Originally Posted by ryuurui (Post 877759)
@masaegu Have you ever heard of poetry?

Don't get carried away. What is the point of discussing this on THAT kinda level with someone whose current level of Japanese is the following? :)

Quote:

Originally Posted by Alaks (Post 877705)
arigato!


ryuurui 08-28-2011 02:37 AM

Oh, I didn't look at it from this perspective. I was linguistically blinded lol :D

Pogopuschel 08-28-2011 03:06 AM

Now I understand what you mean ryuurui. I think almost all Kanji can be used as as standalone words/meanings words when it comes to poetry or art. I was just saying that I haven't seen it in an everyday context :)

ryuurui 08-28-2011 03:30 AM

Well, poetry is one example, but another is the jungle of 熟語. For instance the idiom 一労永逸. Since 永逸 is not a word, it means that 永 has a stand alone meaning as "eternity", although, to be more precise, in this case 永 stands for "a very long time". (一労永逸 could be roughly translated as "hardship will ensure extended benefit"). And I do know that many 熟語 were in fact classical poetry verses.
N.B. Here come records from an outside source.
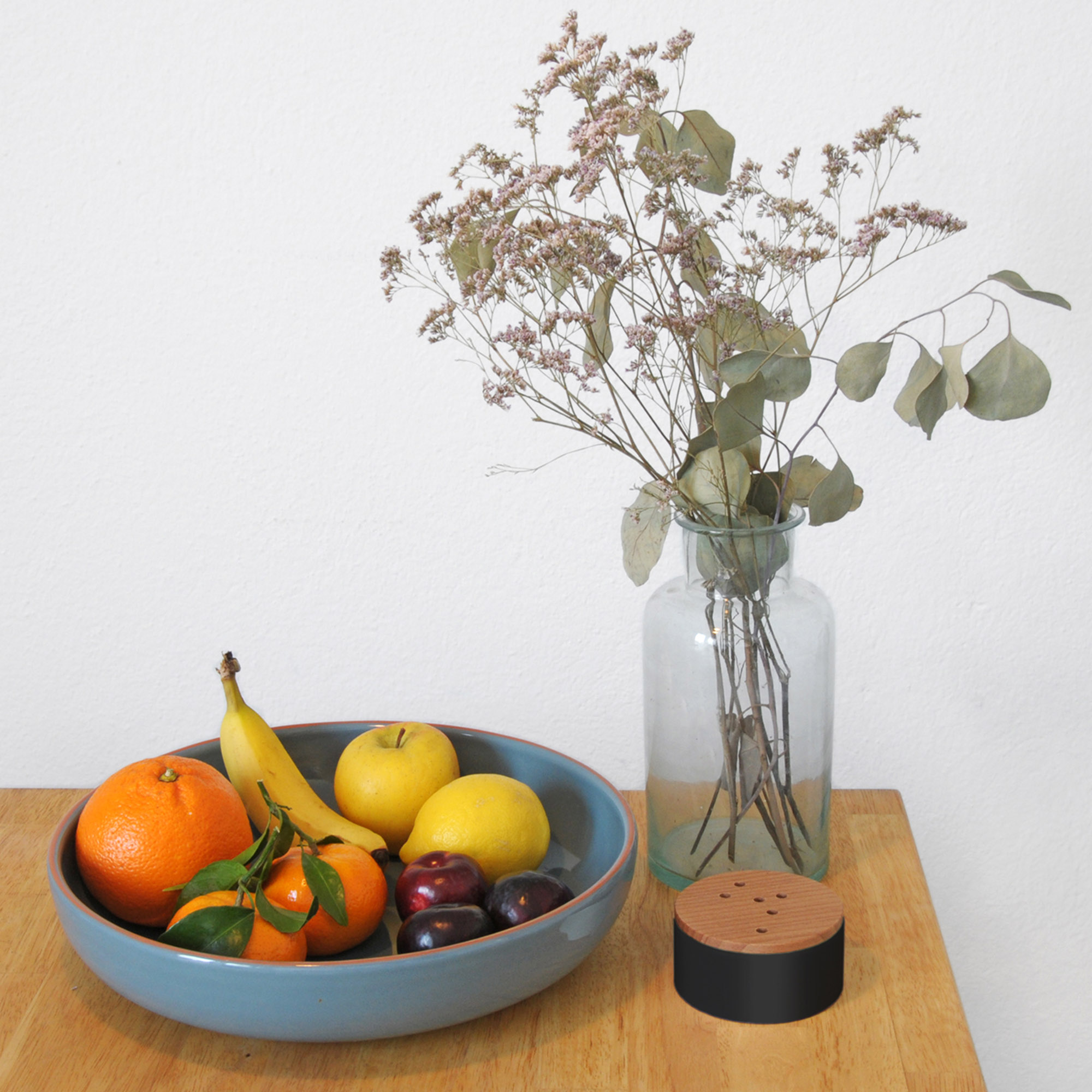 Les mélanges bien connus de remèdes ménagers éprouvés tels que le vinaigre, le liquide vaisselle et le vin (non compris) sont placés dans le bol en céramique, qui est fermé par un couvercle en bois. Le motif du trou dans le couvercle montre la constellation de la mouche - le "ciel des mouches" offre donc un lieu de repos réel mais aussi symbolique pour la peste estivale - et vous permet de profiter du barbecue la conscience tranquille.
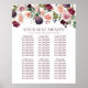 Sophisticated hand-painted floral wedding reception, party, or shower seating assignment chart for 8-10-12 top tables featuring watercolor corner wreath frame drops of burgundy marsala red and blush pink with navy blue accent flowers embellished by botanical laurel and dark red accents. From the "Boho Bloom" collection, this layout incorporates rich Bohemian wildflower bouquets with radiant flower blooms and eucalyptus greenery foliage. For other colours or matching products, please visit the JustFharryn Zazzle store, or contact the designer, c/o Fharryn@yahoo.com All rights reserved. #bohochic #zazzlemade
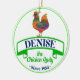 Senhora de frango no estilo de uma placa de safena. Possui uma galinha multicolorida bonito, nome e ano de nascimento. Perfeito para a garota que é amante de frango.
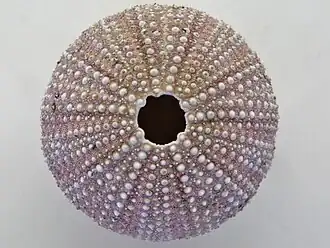 Sur l'animal mort, le test débarrassé des radioles laisse voir leurs nombreux mamelons d'insertion arrondis, auxquels il doit son nom. Le test nu est généralement rose pâle uni[3].
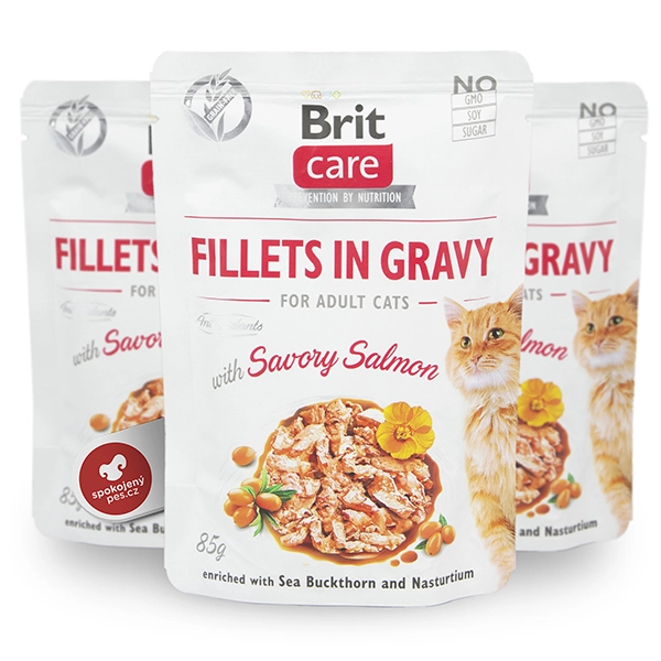 Chutné krmivo pre mačky Brit Care Fillets Gravy vo forme kapsičiek s lahodnými kúskami mäsa vo filety. Obsahujú vysoký podiel mäsa a kombináciu bylín na podporu zdravého močového aparátu mačiek. Neobsahujú obilniny, pridaný cukor, sóju ani GMO. Receptúra s lososom je vhodná pre všetky dospelé mačky.

KyleGoetz 08-28-2011 05:25 PM

Quote:

Originally Posted by ryuurui (Post 877773)
Well, poetry is one example, but another is the jungle of 熟語. For instance the idiom 一労永逸. Since 永逸 is not a word, it means that 永 has a stand alone meaning as "eternity", although, to be more precise, in this case 永 stands for "a very long time". (一労永逸 could be roughly translated as "hardship will ensure extended benefit"). And I do know that many 熟語 were in fact classical poetry verses.

In the alternative, you could say the 4字熟語 is a single word expressing a very complex concept! :)

ryuurui 08-28-2011 06:02 PM

I suppose we could. I think this is why I find kanji so fascinating. You cannot simply define them, and there is always another layer hidden somewhere behind the strokes.

KyleGoetz 08-28-2011 10:39 PM

It's primarily hard because the concept of a "word" is pretty defined in English as something like "aggregation of pronounceable letters that contains no spaces." "Word" is a term for languages with spaces in it.

This is why linguists have terms like morpheme, grapheme, etc.